** MATERIAL FOR THIS TASK **
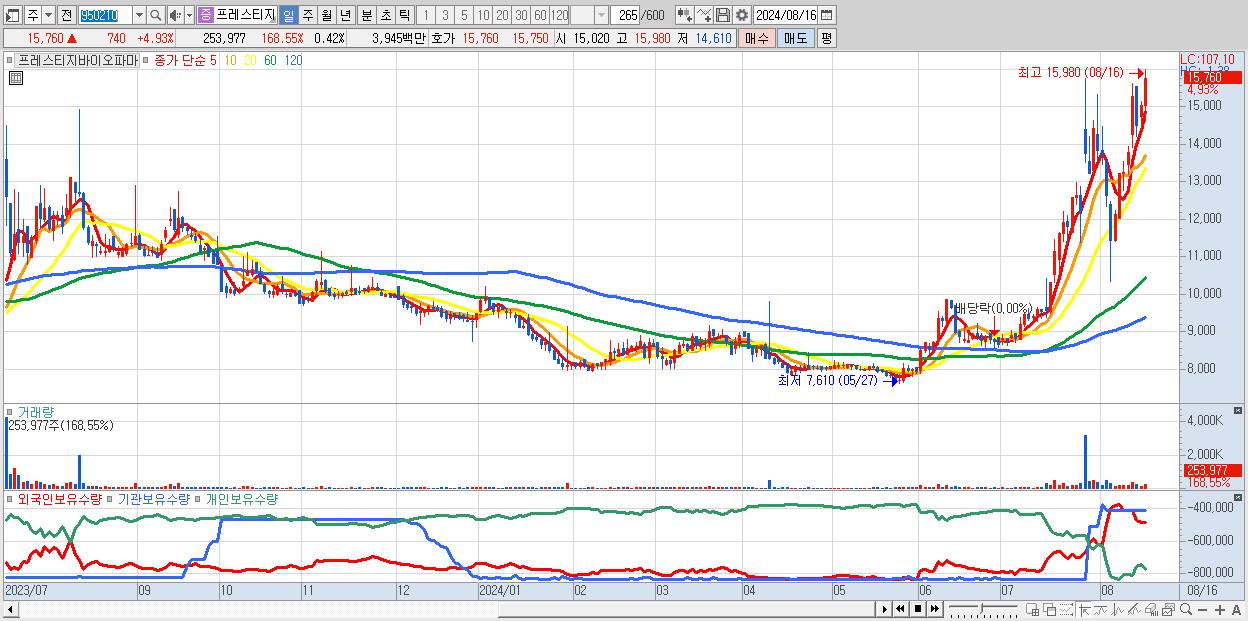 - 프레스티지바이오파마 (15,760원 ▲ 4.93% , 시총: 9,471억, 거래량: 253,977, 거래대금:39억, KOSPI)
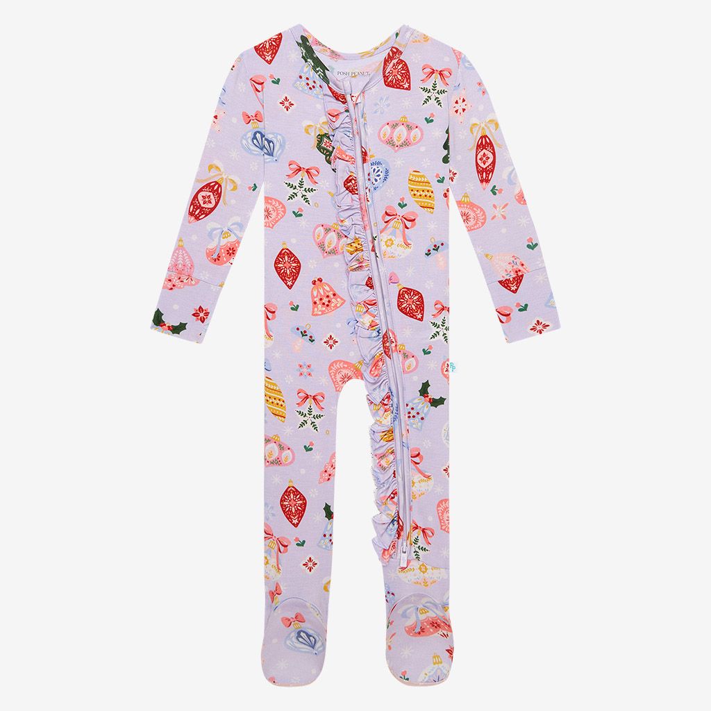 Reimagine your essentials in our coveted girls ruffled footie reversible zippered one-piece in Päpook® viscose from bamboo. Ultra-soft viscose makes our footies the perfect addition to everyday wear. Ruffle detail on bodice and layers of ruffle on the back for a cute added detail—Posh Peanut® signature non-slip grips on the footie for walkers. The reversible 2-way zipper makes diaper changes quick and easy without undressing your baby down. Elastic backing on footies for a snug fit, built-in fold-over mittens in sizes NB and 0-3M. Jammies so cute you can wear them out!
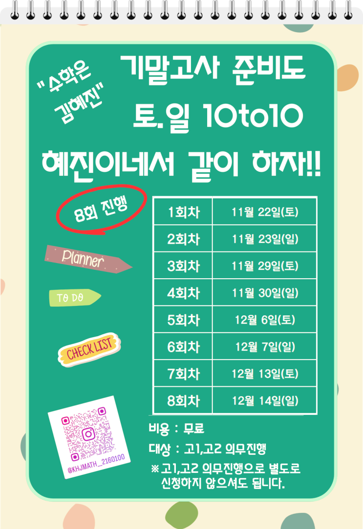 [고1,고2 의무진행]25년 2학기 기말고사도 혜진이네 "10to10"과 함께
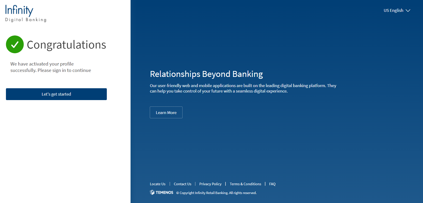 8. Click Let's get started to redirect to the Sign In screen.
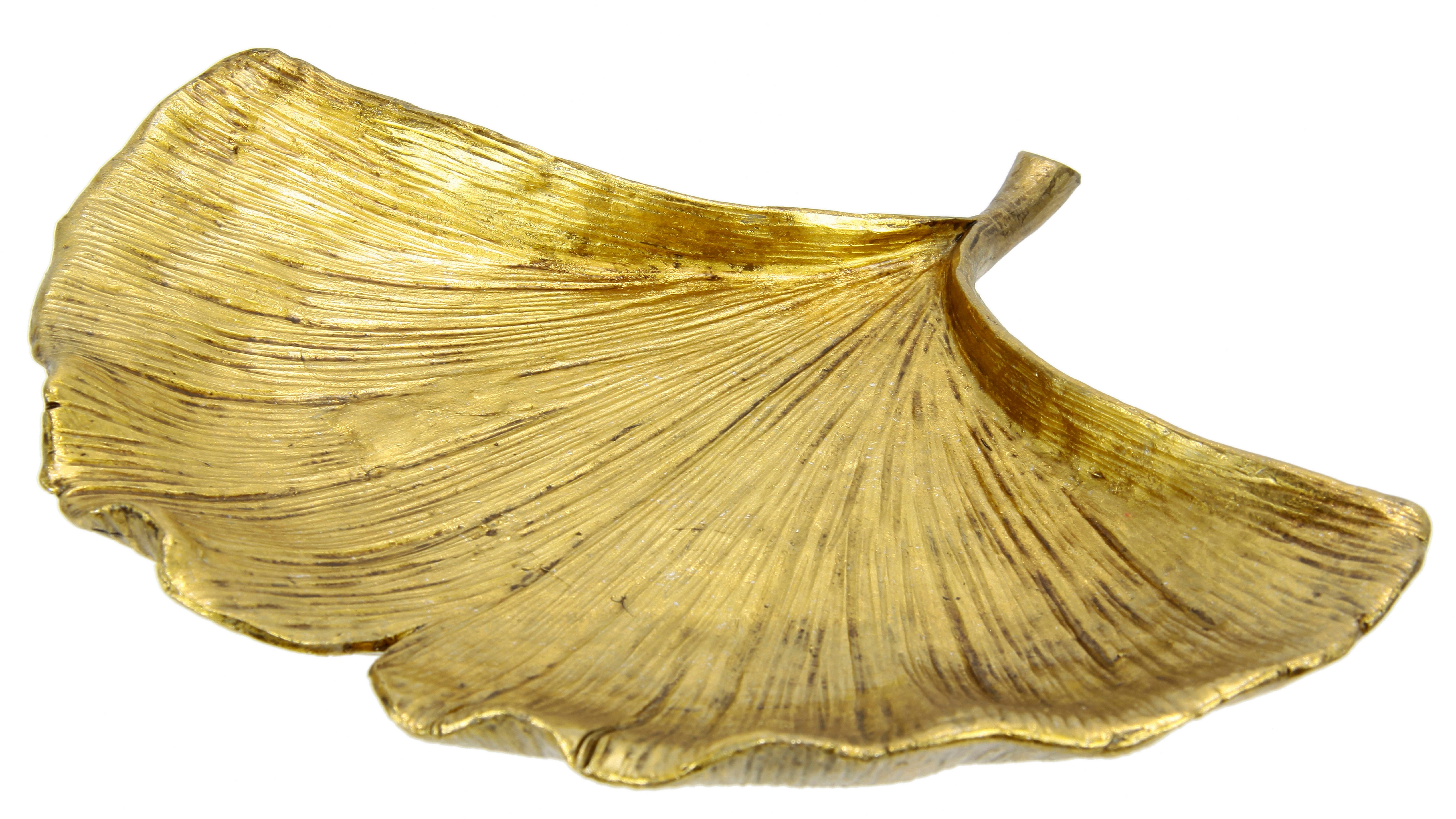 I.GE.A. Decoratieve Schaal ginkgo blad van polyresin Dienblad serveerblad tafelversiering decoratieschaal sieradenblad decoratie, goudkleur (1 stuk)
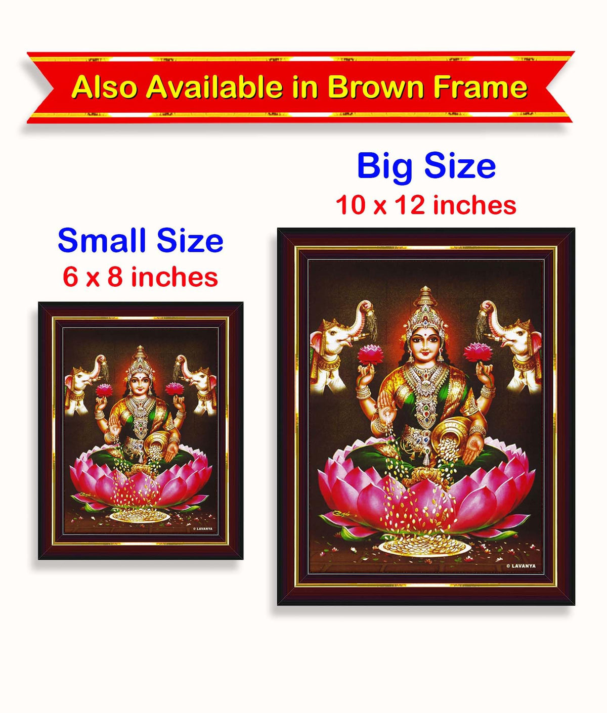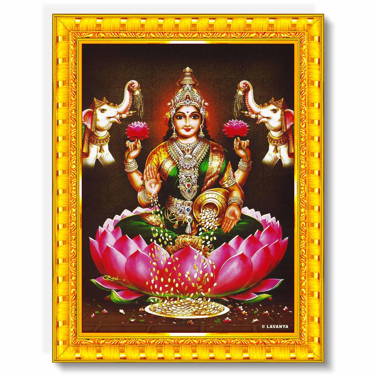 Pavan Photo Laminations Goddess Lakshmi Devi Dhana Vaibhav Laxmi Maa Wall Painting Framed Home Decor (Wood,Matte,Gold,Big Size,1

** PROMPT **
No pictures should appear in the copy; write out exactly the lines from the one containing "8. Click Let's" through the end of the material.

** SOLUTION FOR THIS EXERCISE **
 8. Click Let's get started to redirect to the Sign In screen.
 I.GE.A. Decoratieve Schaal ginkgo blad van polyresin Dienblad serveerblad tafelversiering decoratieschaal sieradenblad decoratie, goudkleur (1 stuk)
 Pavan Photo Laminations Goddess Lakshmi Devi Dhana Vaibhav Laxmi Maa Wall Painting Framed Home Decor (Wood,Matte,Gold,Big Size,1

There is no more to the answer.